- Born: Arthur Ronald Bickerton 11 July 1941 Rhyl, Denbighshire, Wales
- Origin: Kirkdale, Liverpool, England
- Died: 29 November 2015 (aged 74) Hertfordshire, England
- Occupation(s): Songwriter, record producer, music business executive
- Labels: State Records (founder)

= Wayne Bickerton =

British songwriter and record producer (1941–2015)

Wayne Bickerton (born Arthur Ronald Bickerton; 11 July 1941 – 29 November 2015) was a British record producer, songwriter and music business executive. He became well known, with Tony Waddington, as writer and producer of a series of UK chart hits in the 1970s for The Rubettes, and as a leading figure in SESAC – one of the three major American performing rights organisations.

==Life and career==
Born in Rhyl, Denbighshire, Wales, and named after his father, Bickerton grew up in Kirkdale, Liverpool. He first came to prominence in 1963 when, after spells with the Bobby Bell Rockers (featuring Det Pete), Steve & the Syndicate, Lee Curtis and the All-Stars and the Remo Four, he became bassist and singer with the Pete Best Four (later the Pete Best Combo), at the same time as childhood friend Tony Waddington became the group's guitarist. As well as sharing most of the singing, Bickerton and Waddington became songwriters for the group, which toured mainly in Germany and the US, before they left in 1966.

Bickerton then became a record producer at Deram Records, responsible for albums by Giles, Giles & Fripp (the forerunner to King Crimson) and World of Oz; he also worked with Petula Clark and Tom Jones.
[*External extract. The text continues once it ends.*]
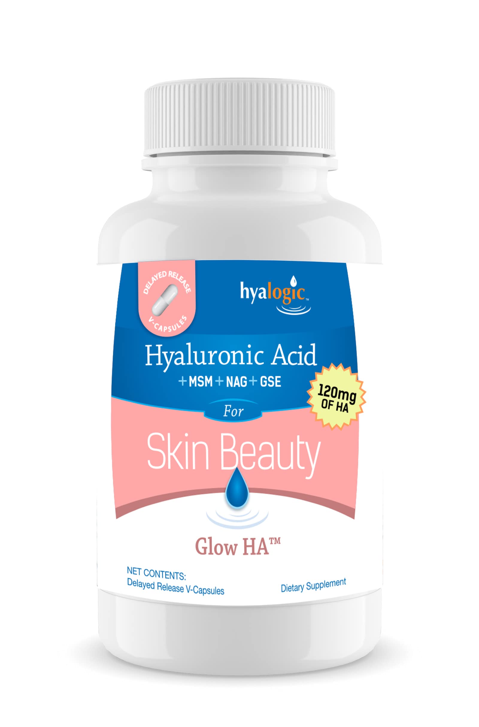 Hyalogic 120 Mg Hyaluronic Acid Delayed-Release Capsules Skin Supplement w/Glucosamine MSM Body Health Food Supplement w/Grape Seed Extract Vegan & Non-GMO Dietary Supplements (30 Count)

He later joined Polydor Records, becoming A&R chief and producing the band Mongrel. At the same time, he and Waddington continued writing songs together. One of the most successful was "Nothing But A Heartache", recorded by American girl singing group The Flirtations, which reached No. 34 on the US Billboard Hot 100 in 1969, No. 31 on the Canadian RPM Magazine charts, and is now regarded as a northern soul classic. It was later recorded by Southside Johnny and the Asbury Jukes.
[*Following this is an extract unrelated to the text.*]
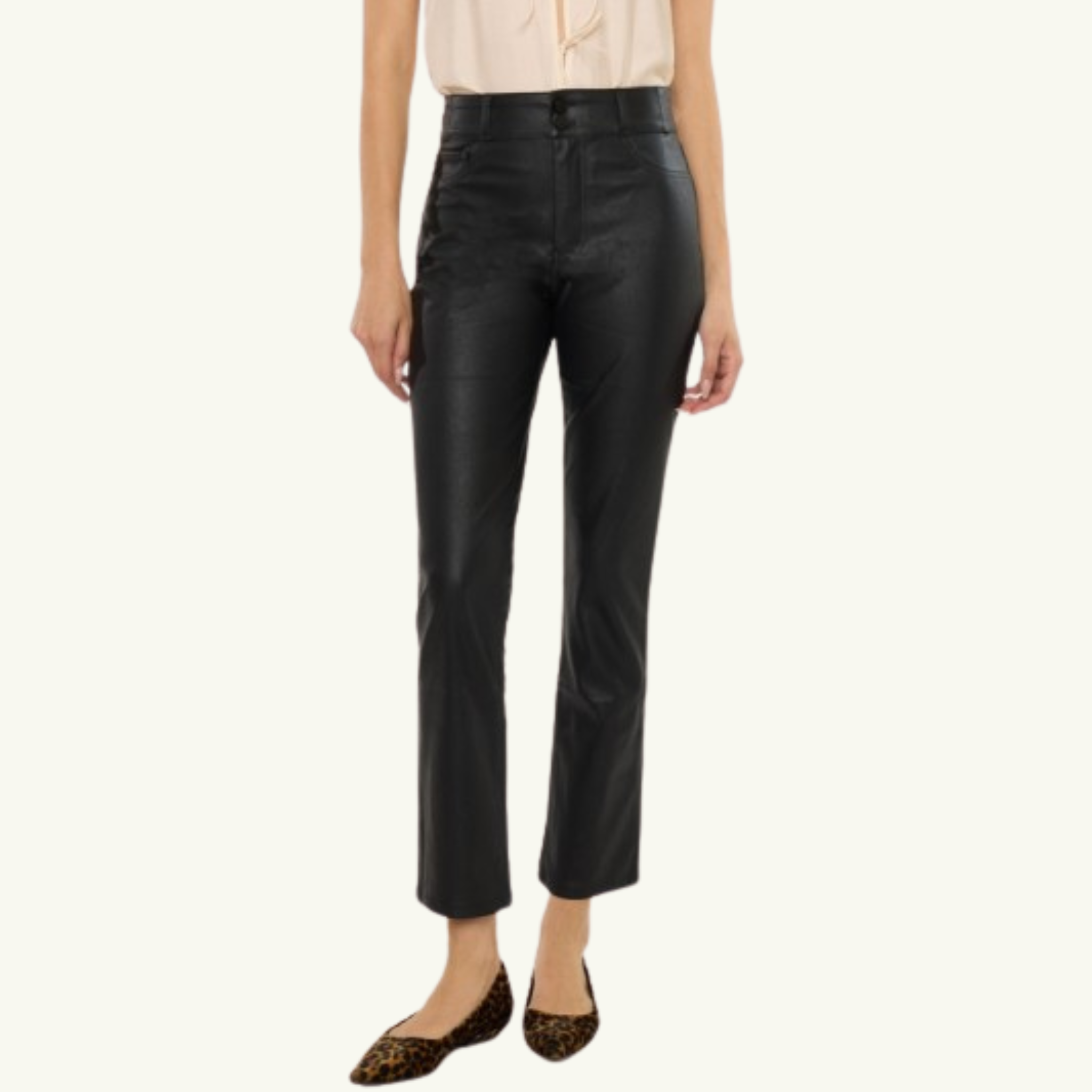 Vegan leather, high rise skinny pants. Comfort stretch, double button waistband, zipper fly.

During this period, he and Waddington also came up with the idea for a rock 'n' roll musical. They co-wrote and produced a demonstration recording of a song, "Sugar Baby Love", originally intending to submit it for the Eurovision Song Contest but instead offering it to Showaddywaddy, who turned it down. Bickerton and Waddington then offered it to the demo musicians, provided that they would become an actual group. The musicians agreed, became The Rubettes, and "Sugar Baby Love" became a UK #1 hit in 1974, also reaching No. 37 in the US charts and No. 25 in Canada. They wrote and produced all of the Rubettes' subsequent UK hits – nine Top 50 hits in all between 1974 and 1977 – winning an Ivor Novello Award as Songwriters of the Year, and also reached the UK Top 10 with "Sugar Candy Kisses" by Mac and Katie Kissoon. They set up their own record label, State Records, which diversified in 1979 into owning Odyssey Studios and a new office building at Marble Arch in central London, later sold to the radio station Jazz FM.
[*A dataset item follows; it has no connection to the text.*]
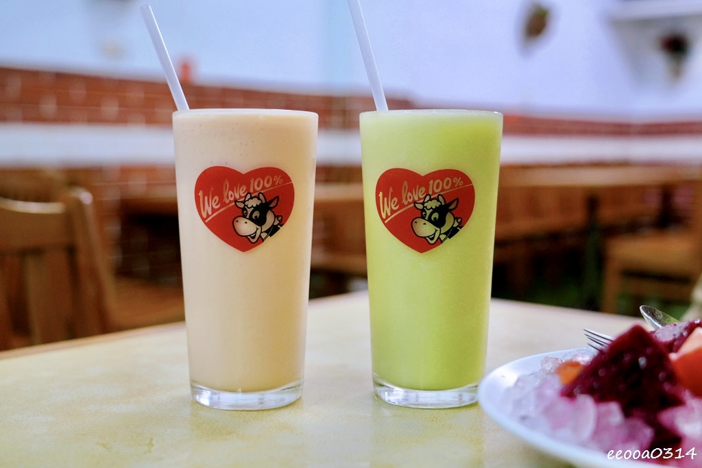 很復古風的玻璃杯,酪梨牛奶居然只要55元,真的很平價。兩杯果汁入口濃郁香甜,水果的清香與牛奶的順滑融合,冰涼口感讓人喝一口就停不下來。

Bickerton moved into the upper reaches of the wider music industry, initially as an executive of the Performing Right Society in England, where he worked from the late 1970s, eventually as chairman and acting Chief executive. He also became Deputy Chairman of The University of Liverpool Institute of Popular Music. In 1997, he became an executive at SESAC, as Chairman of SESAC International, and was also awarded an honorary doctorate (LL.D.) by the University of Liverpool.

==Death==
He died on 28 November 2015 aged 74 at his home in Hertfordshire, England.